Canadian prime minister Justin Trudeau said the military can deploy air force planes to the stricken city as needed. Fort McMurray International Airport suspended all commercial flights in and out of the city.

Queen Elizabeth, Canada’s head of state, said in a message that she and her husband Prince Philip were “shocked and saddened” by news of the fire. “Our thoughts and prayers are with all those who have been affected,” she said.

Second major blaze

It was the second major blaze in the oil sands region in a year.
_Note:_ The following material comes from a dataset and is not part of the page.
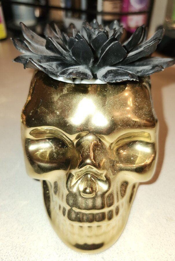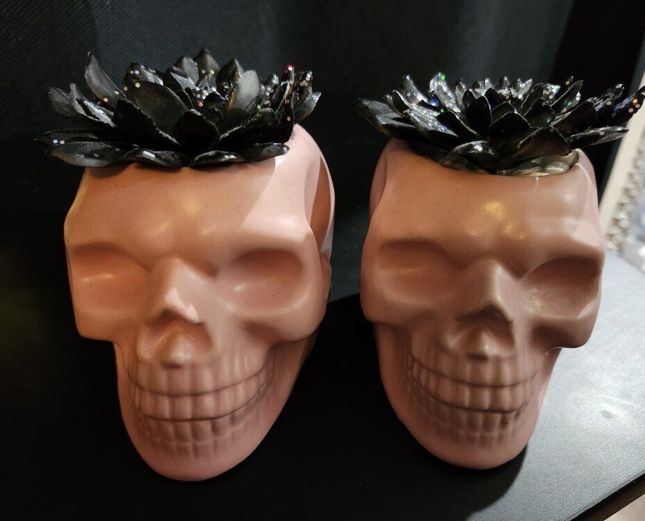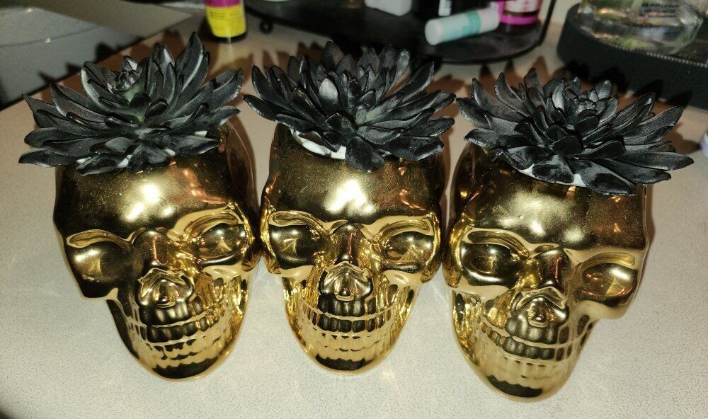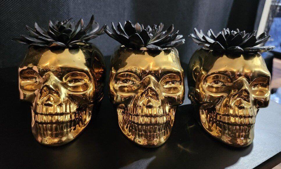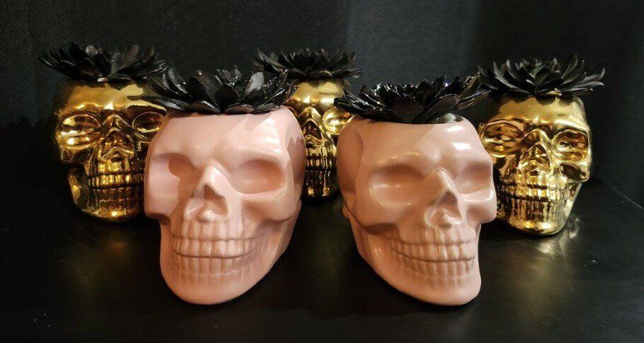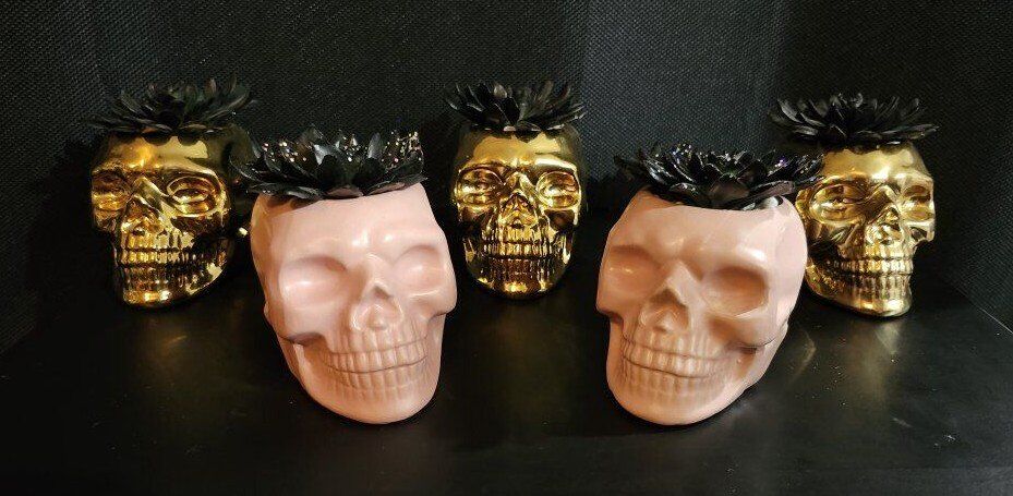 5 Metal Skull Air Plant Hallween Decor There are 3 Gold Skulls and 2 Pink Skulls. Measures 4-1/2" Height x 4-3/3" Depth x 3-1/3 Width. $30 for all 5 or $8 each.

Last May, wildfires led to the evacuation of hundreds of workers from the region, and a 9 per cent cut in Alberta’s oil sands output.

The wildfire’s knock-on effects on oil sands operations escalated on Wednesday, with five companies including Suncor Energy and Husky Energy reporting reduced production either because workers had been affected by the mass evacuations or because of precautionary pipeline shutdowns.

The total impact on crude production volumes was not immediately clear.

Oil prices briefly rose 3 per cent due to concerns about reduced output from the Canadian oil sands and tensions in Libya.

Officials said very hot and dry conditions meant “extreme wildfire behaviour” on all fronts around the fire late on Wednesday.

“We expect this fire to be going on and challenging firefighters to well into the evening tonight,” said Chad Morrison, senior manager with Alberta’s wildlife, agriculture and forestry.

The Canadian Red Cross said evacuees were calling the organisation for help getting food and water.

A highway closure on Tuesday forced most evacuees to drive north, away from major cities. By Wednesday morning, the highway had reopened, but fuel had run out, stranding evacuees seeking to drive out of Fort McMurray.

Alberta’s transportation department said it was escorting a fuel tanker north to help stranded drivers.

With some fleeing north to work camps operated by energy companies and others clogging the one highway south out of the city, evacuees scrambled to find fuel and a place to sleep as ash rained down upon the roads and the smell of soot permeated the air.


Twitter filled with offers of free food, housing and animal care as worried evacuees asked officials and strangers alike about the status of their homes. Two babies were born at one evacuation centre on Tuesday.

The fire drew immediate comparisons to one that hit Slave Lake, Alberta in 2011, forcing 7,000 to evacuate and destroying more than 300 buildings.

Insured damage to the value of more than 700 million Canadian dollars (€475 million) was done, making Slave Lake one of the most expensive insured disasters in the country’s history. But Fort McMurray is a much larger settlement than Slave Lake, with some 125,000 people in the region.

Wildfires were also raging in neighbouring British Columbia on Wednesday, including a massive 9,000 hectare blaze in the province’s northeast that was threatening to spread across the border to Alberta, the BC Wildfire Service said.